• [YOUR INSTRUCTIONS]
The reply is to contain the full listing, repeated exactly, with pictures left out.
====== SOURCE DATA
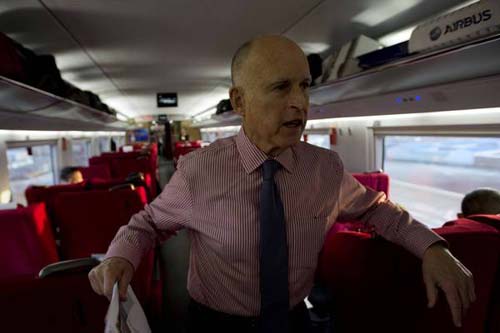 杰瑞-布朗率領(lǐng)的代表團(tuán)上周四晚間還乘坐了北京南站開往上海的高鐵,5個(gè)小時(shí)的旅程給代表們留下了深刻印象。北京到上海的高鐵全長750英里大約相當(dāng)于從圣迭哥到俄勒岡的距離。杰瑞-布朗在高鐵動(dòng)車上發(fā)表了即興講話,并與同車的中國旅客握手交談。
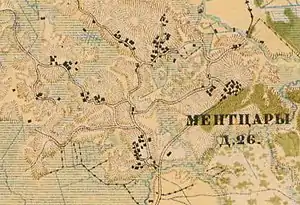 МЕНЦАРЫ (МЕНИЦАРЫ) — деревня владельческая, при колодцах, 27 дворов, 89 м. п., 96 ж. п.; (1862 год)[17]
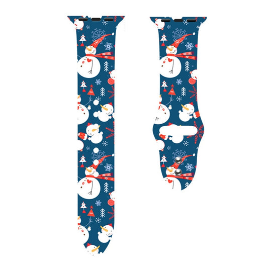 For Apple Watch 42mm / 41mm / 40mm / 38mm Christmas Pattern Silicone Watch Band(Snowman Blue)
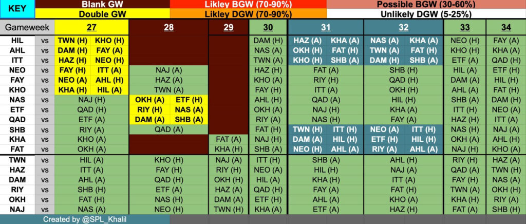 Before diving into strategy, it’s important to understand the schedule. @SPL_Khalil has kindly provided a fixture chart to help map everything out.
============
• [REPLY TO THE EXERCISE]
 杰瑞-布朗率領(lǐng)的代表團(tuán)上周四晚間還乘坐了北京南站開往上海的高鐵,5個(gè)小時(shí)的旅程給代表們留下了深刻印象。北京到上海的高鐵全長750英里大約相當(dāng)于從圣迭哥到俄勒岡的距離。杰瑞-布朗在高鐵動(dòng)車上發(fā)表了即興講話,并與同車的中國旅客握手交談。
 МЕНЦАРЫ (МЕНИЦАРЫ) — деревня владельческая, при колодцах, 27 дворов, 89 м. п., 96 ж. п.; (1862 год)[17]
 For Apple Watch 42mm / 41mm / 40mm / 38mm Christmas Pattern Silicone Watch Band(Snowman Blue)
 Before diving into strategy, it’s important to understand the schedule. @SPL_Khalil has kindly provided a fixture chart to help map everything out.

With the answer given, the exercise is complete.